• **Required work**
In the entries below, find the line with "OIA Universitas Kristen" and the line with "Este martes avanza". Repeat exactly everything between them, those two lines included, but not the pictures.

• **Material provided**

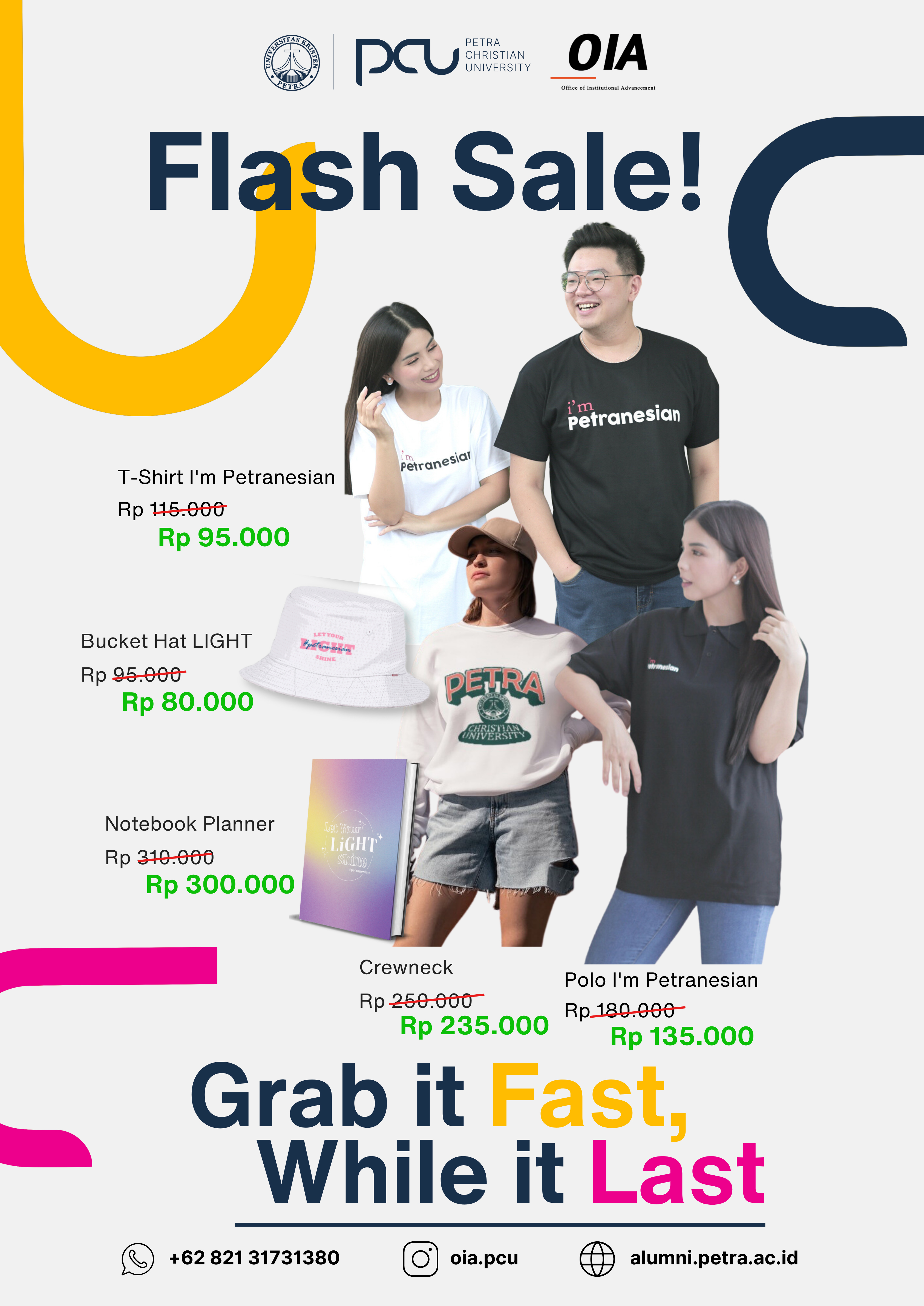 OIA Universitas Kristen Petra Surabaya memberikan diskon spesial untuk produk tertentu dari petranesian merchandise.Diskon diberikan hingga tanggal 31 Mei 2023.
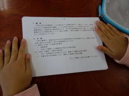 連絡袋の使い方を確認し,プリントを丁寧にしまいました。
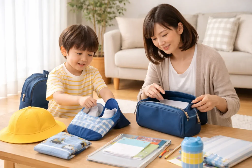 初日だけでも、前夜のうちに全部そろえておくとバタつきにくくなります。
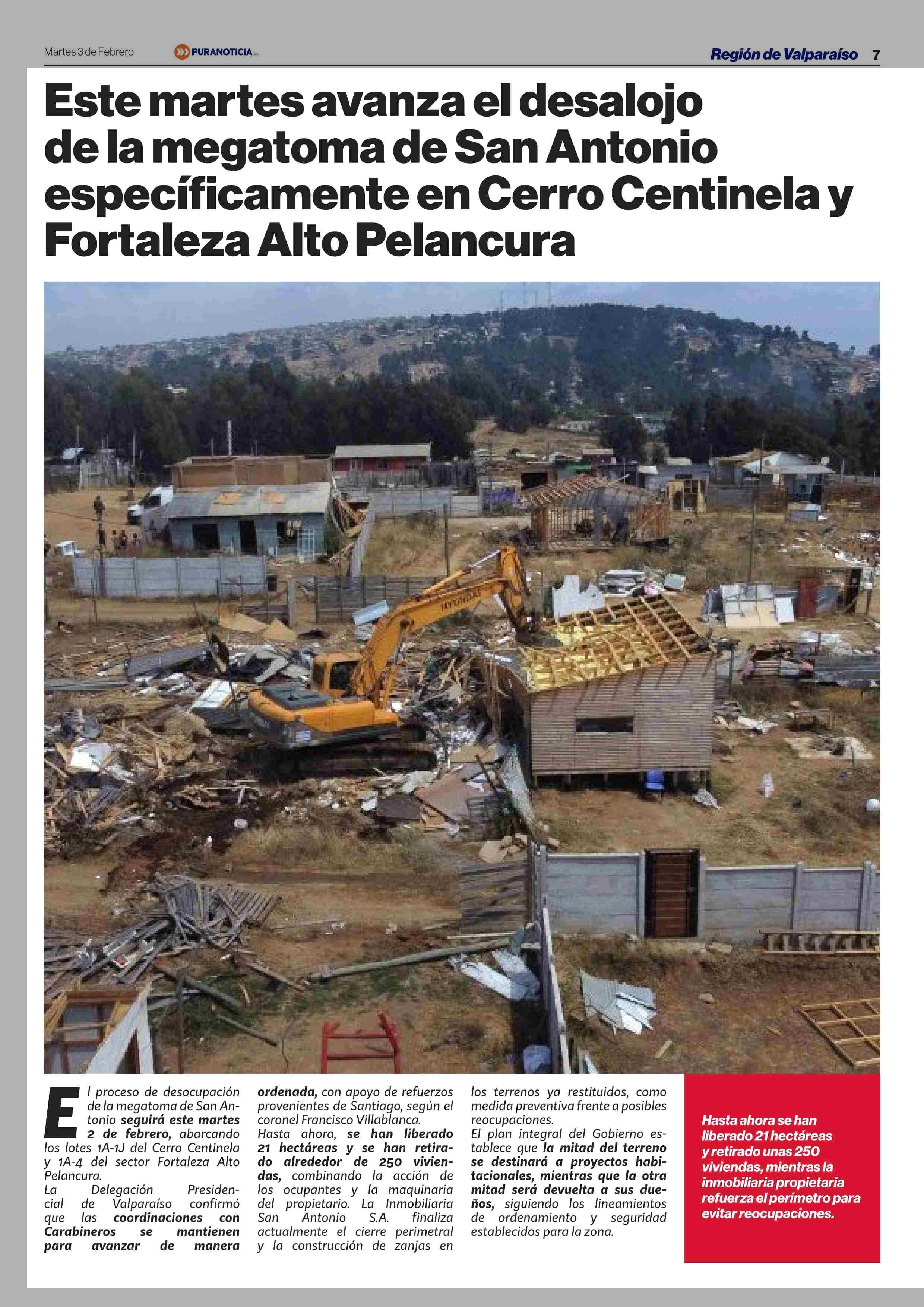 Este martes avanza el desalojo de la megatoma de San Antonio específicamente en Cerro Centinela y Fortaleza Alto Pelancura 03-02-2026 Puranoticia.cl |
---
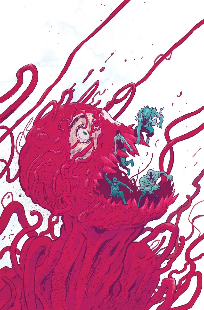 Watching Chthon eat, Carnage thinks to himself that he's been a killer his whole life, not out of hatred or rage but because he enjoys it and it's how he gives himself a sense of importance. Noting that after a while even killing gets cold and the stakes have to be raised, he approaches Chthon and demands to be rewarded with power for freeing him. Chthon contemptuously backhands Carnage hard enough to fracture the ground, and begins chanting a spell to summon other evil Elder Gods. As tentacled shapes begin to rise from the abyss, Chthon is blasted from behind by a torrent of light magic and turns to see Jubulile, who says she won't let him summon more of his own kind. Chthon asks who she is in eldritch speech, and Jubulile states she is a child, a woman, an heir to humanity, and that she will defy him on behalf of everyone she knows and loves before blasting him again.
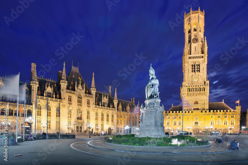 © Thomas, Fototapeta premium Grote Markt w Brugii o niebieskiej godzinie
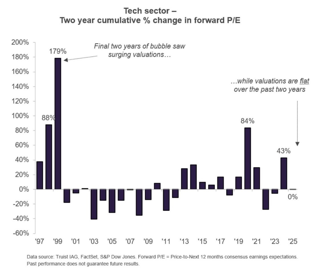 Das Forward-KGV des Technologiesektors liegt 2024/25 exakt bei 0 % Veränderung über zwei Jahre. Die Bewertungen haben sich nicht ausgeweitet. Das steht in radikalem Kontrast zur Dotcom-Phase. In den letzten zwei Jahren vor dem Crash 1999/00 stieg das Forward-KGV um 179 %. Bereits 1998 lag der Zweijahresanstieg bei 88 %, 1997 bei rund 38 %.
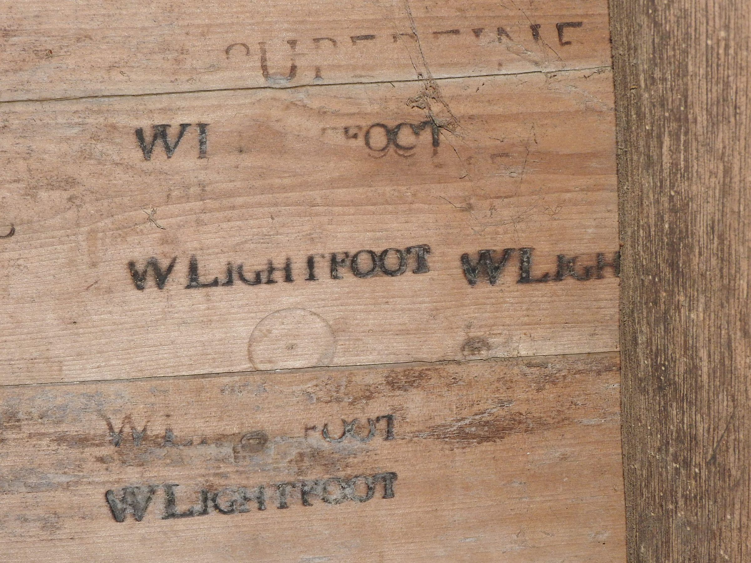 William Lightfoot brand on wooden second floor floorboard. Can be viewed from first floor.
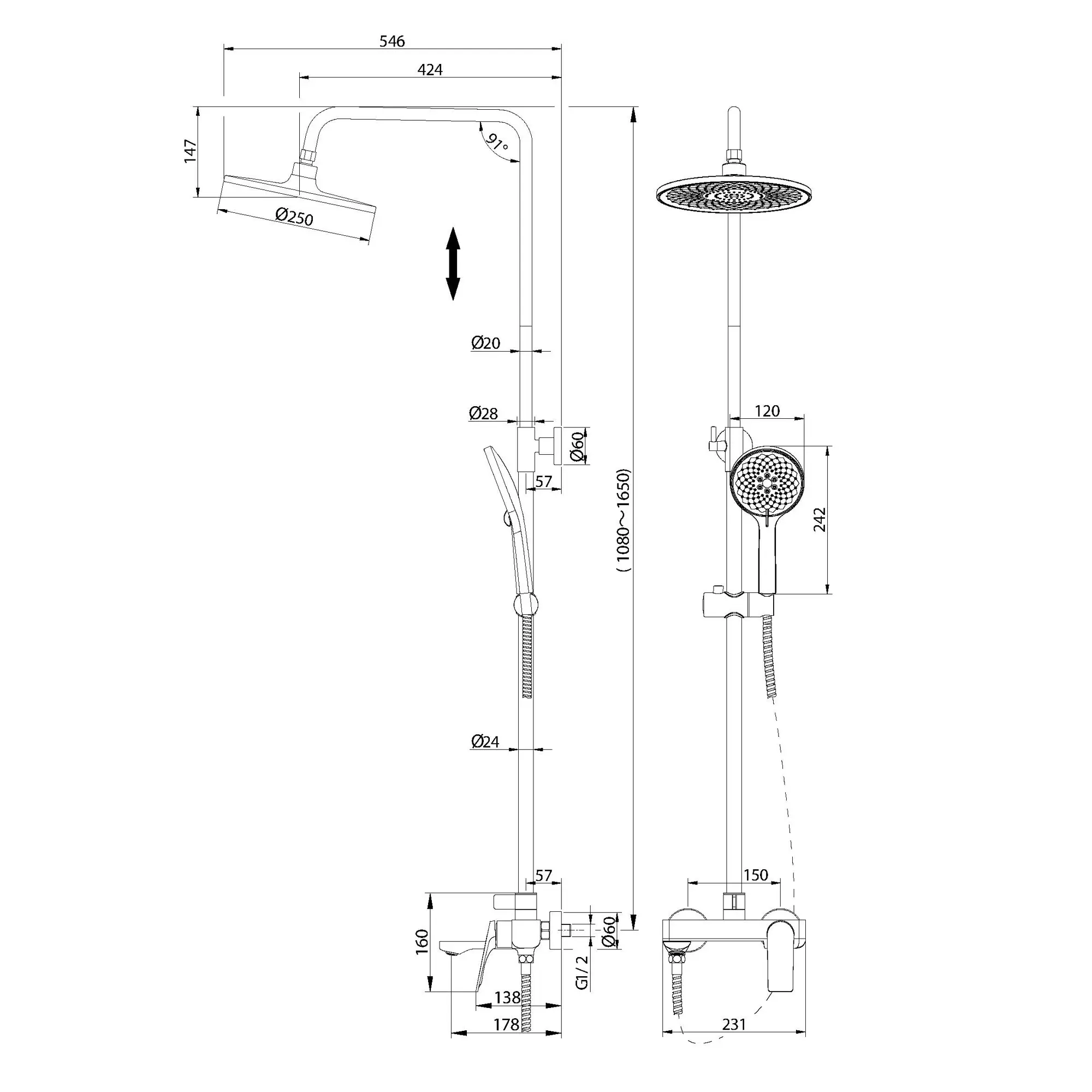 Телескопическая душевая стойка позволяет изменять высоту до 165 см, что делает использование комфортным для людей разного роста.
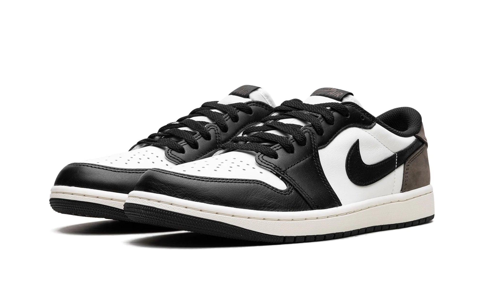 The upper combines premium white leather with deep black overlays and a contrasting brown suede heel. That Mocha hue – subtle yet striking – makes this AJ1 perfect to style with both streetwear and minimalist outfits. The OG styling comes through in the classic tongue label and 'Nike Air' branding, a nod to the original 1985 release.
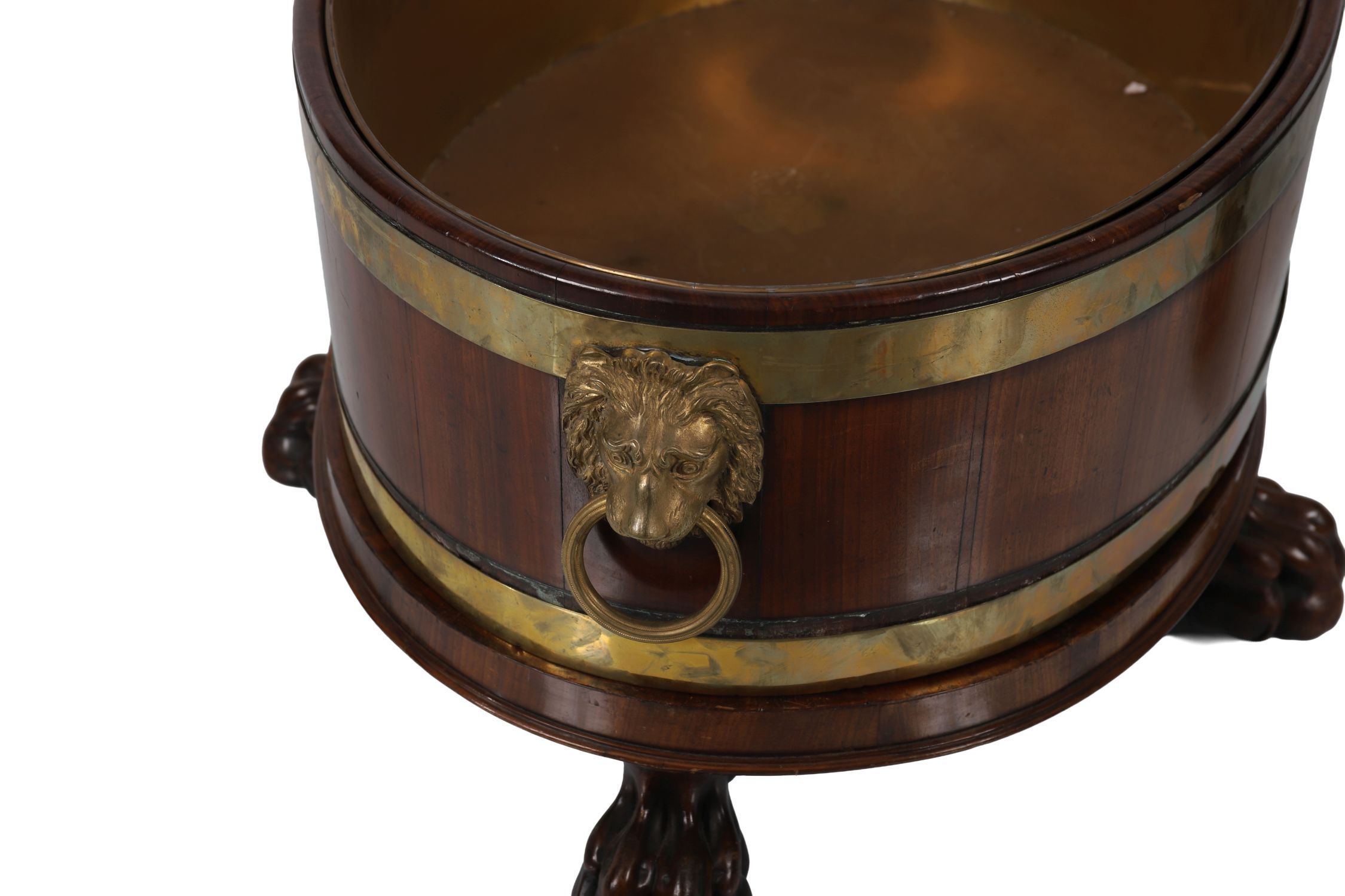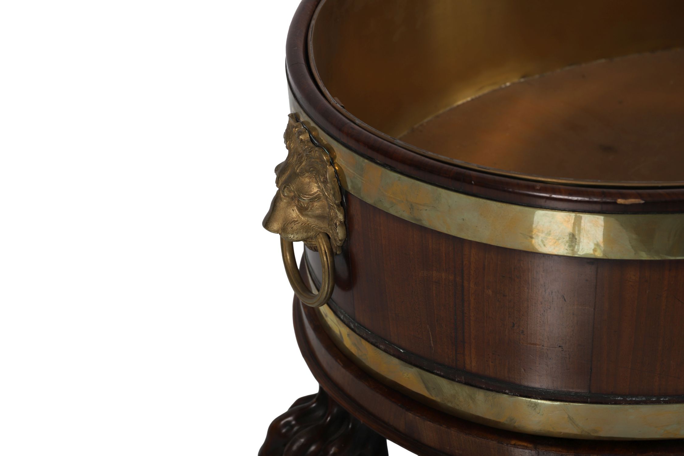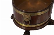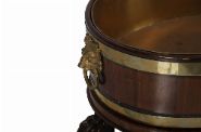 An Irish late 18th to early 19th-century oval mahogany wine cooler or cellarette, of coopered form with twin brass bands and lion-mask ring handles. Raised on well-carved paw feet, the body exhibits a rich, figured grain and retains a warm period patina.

• **Response area**
 OIA Universitas Kristen Petra Surabaya memberikan diskon spesial untuk produk tertentu dari petranesian merchandise.Diskon diberikan hingga tanggal 31 Mei 2023.
 連絡袋の使い方を確認し,プリントを丁寧にしまいました。
 初日だけでも、前夜のうちに全部そろえておくとバタつきにくくなります。
 Este martes avanza el desalojo de la megatoma de San Antonio específicamente en Cerro Centinela y Fortaleza Alto Pelancura 03-02-2026 Puranoticia.cl |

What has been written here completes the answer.